The reply is to contain the full listing, repeated exactly, with pictures left out.

Recorded information:
Start of Block

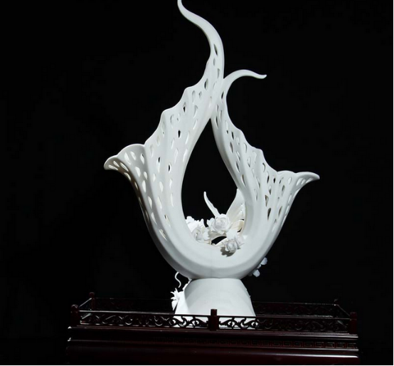 从釉面上看,德化白釉为纯白釉,而北方唐宋时代的白瓷釉则泛淡黄色。元、明时代景德镇生产的白瓷却白里微微泛青,与德化白瓷有明显的区别。造成这种差别的原因,不仅与原料的化学组成,特别是氧化铁、氧化钛的含量有关,也与烧成气氛的性质有关。北方白瓷的特点是胎、釉中Tio、Aio含量比较高,烧成时采用氧化气氛,故瓷器呈现白中泛黄的色调;景德镇白瓷的特点是胎釉中Fe、Tio、Aio含量均较适中,烧成时采用还原气氛,故瓷器呈现白里泛青的色调;
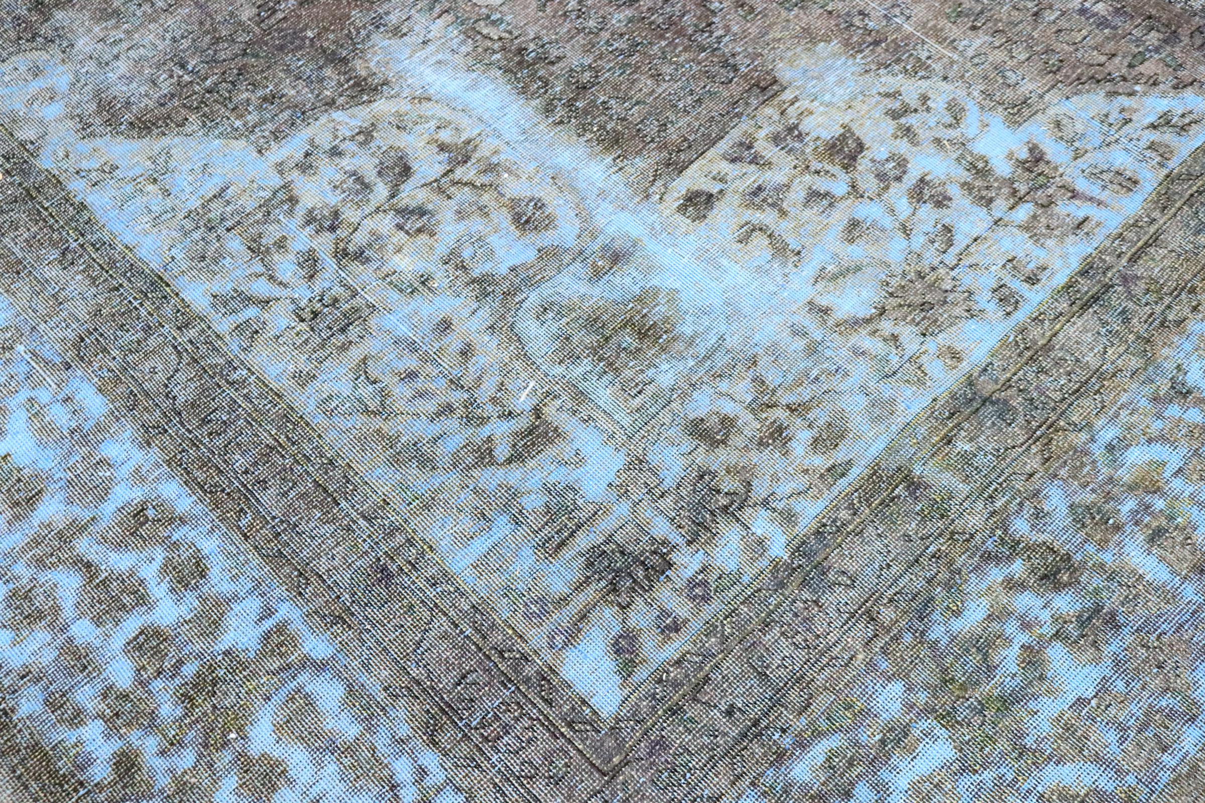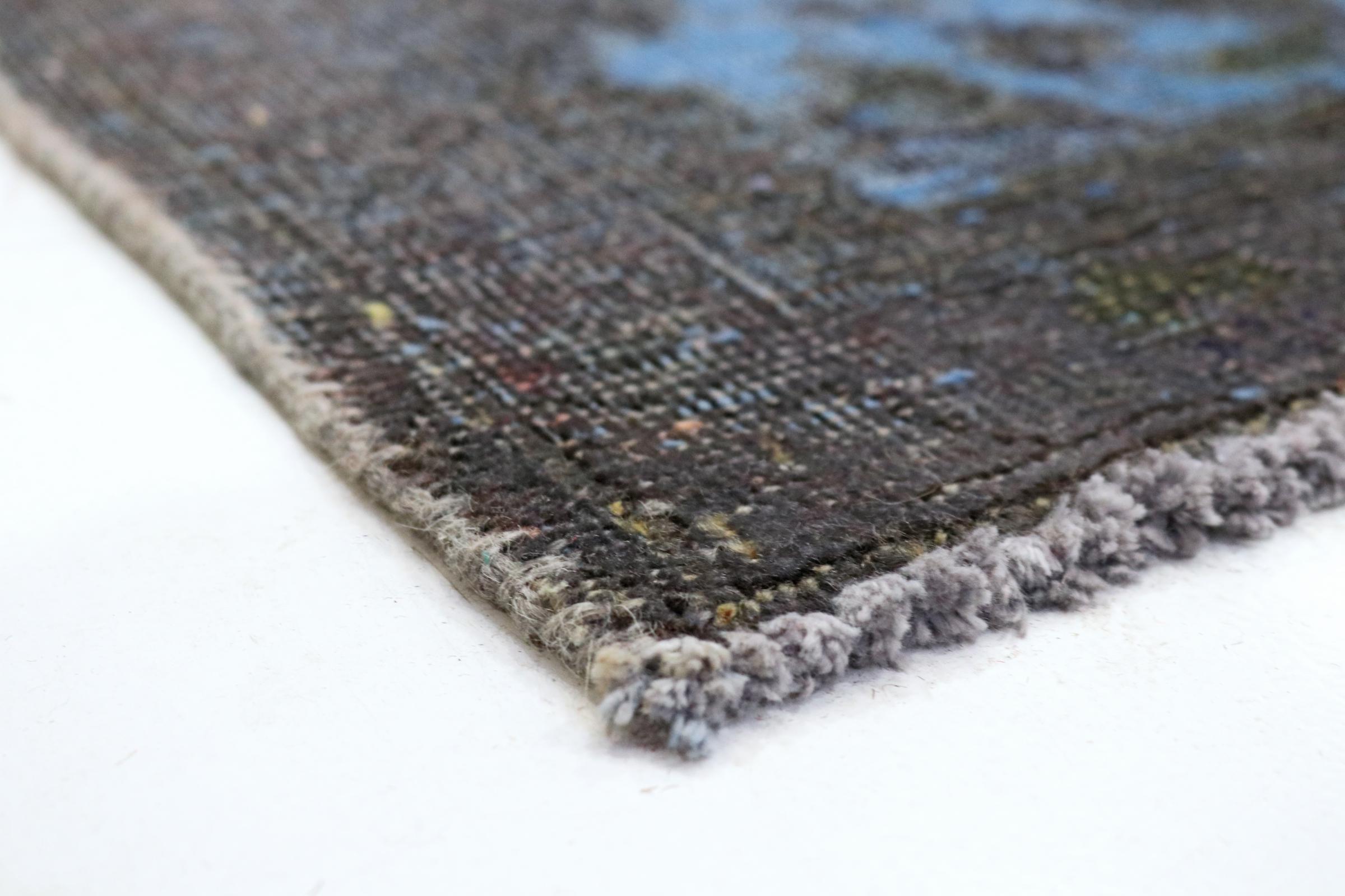 Este é um tapete persa feito à mão que tem pelo menos 20 anos de idade. Este tapete pode durar gerações com os cuidados adequados. O tapete foi completamente tingido de novo sem tingir completamente os ornamentos originalmente atados. Isto dá ao tapete persa de alta qualidade um carácter vintage moderno único.
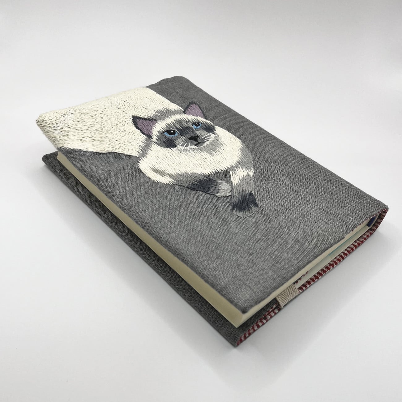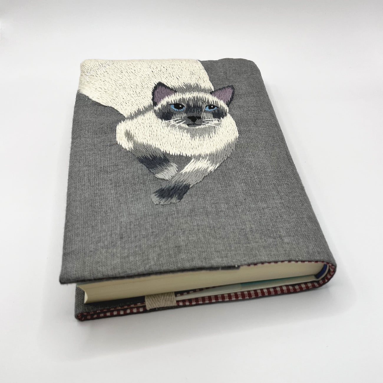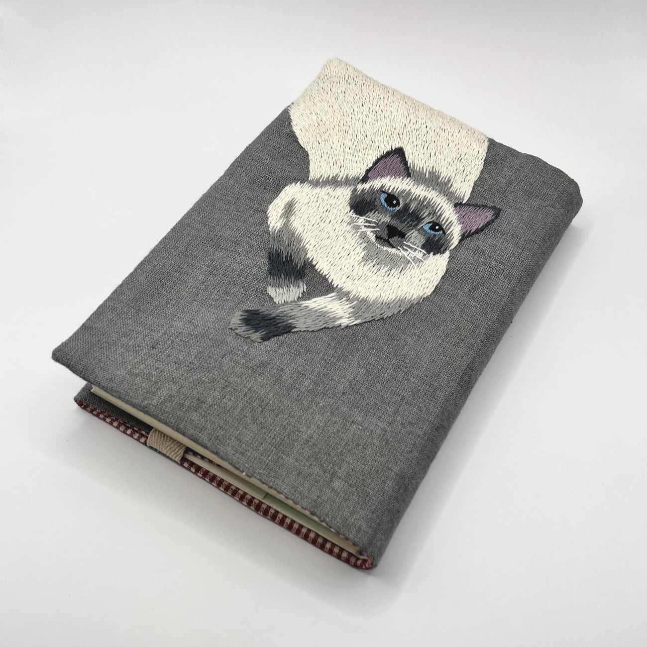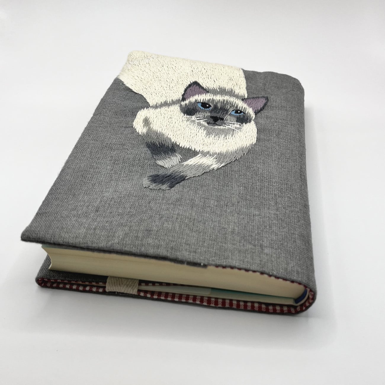 シャム猫の刺繍をした単行本サイズのブックカバーです。
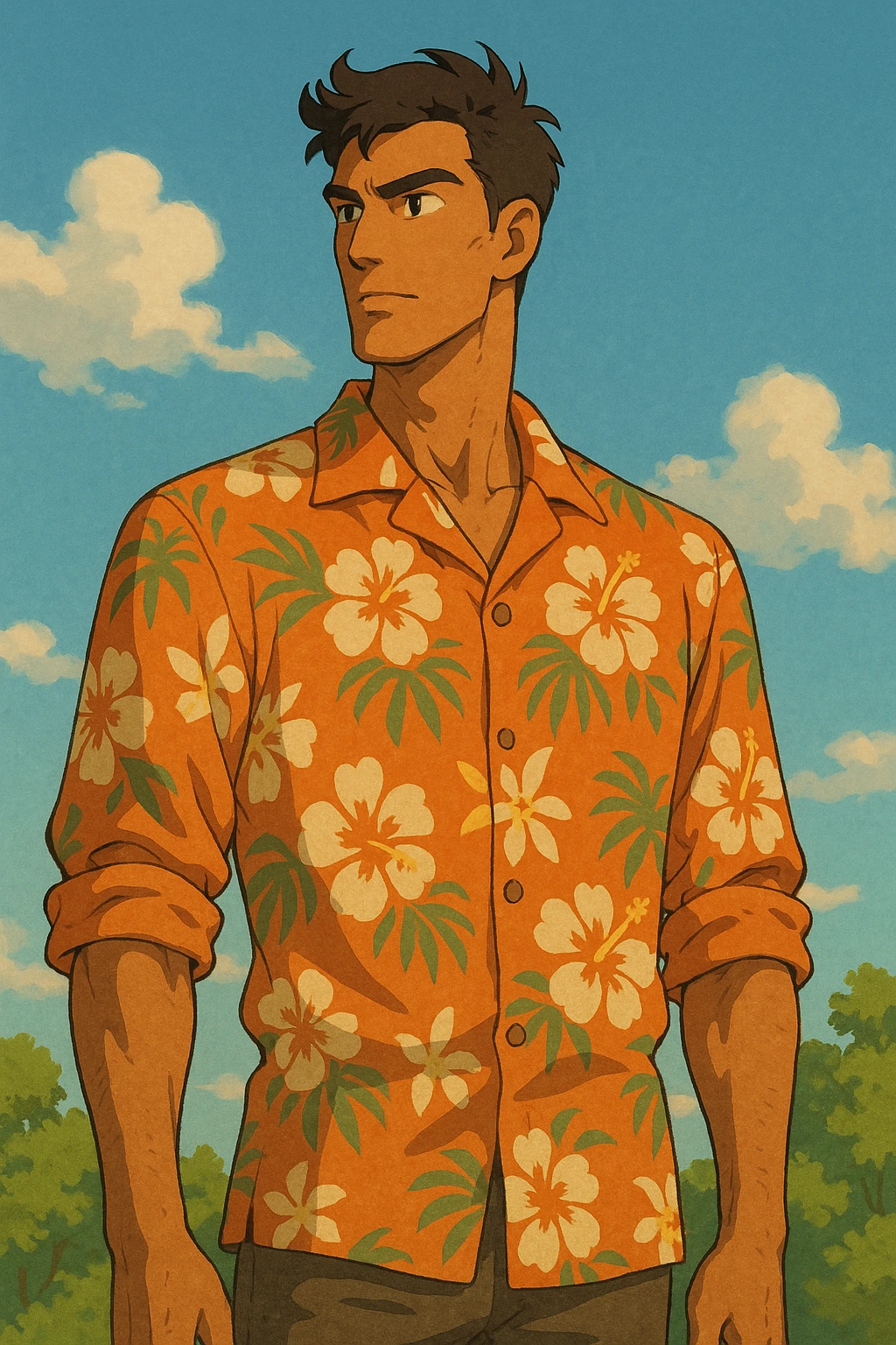 강렬한 하와이안 프린트가 크게 박혀있는 셔츠를 입은 그를.

End of Block

Solution to the exercise:
 从釉面上看,德化白釉为纯白釉,而北方唐宋时代的白瓷釉则泛淡黄色。元、明时代景德镇生产的白瓷却白里微微泛青,与德化白瓷有明显的区别。造成这种差别的原因,不仅与原料的化学组成,特别是氧化铁、氧化钛的含量有关,也与烧成气氛的性质有关。北方白瓷的特点是胎、釉中Tio、Aio含量比较高,烧成时采用氧化气氛,故瓷器呈现白中泛黄的色调;景德镇白瓷的特点是胎釉中Fe、Tio、Aio含量均较适中,烧成时采用还原气氛,故瓷器呈现白里泛青的色调;
 Este é um tapete persa feito à mão que tem pelo menos 20 anos de idade. Este tapete pode durar gerações com os cuidados adequados. O tapete foi completamente tingido de novo sem tingir completamente os ornamentos originalmente atados. Isto dá ao tapete persa de alta qualidade um carácter vintage moderno único.
 シャム猫の刺繍をした単行本サイズのブックカバーです。
 강렬한 하와이안 프린트가 크게 박혀있는 셔츠를 입은 그를.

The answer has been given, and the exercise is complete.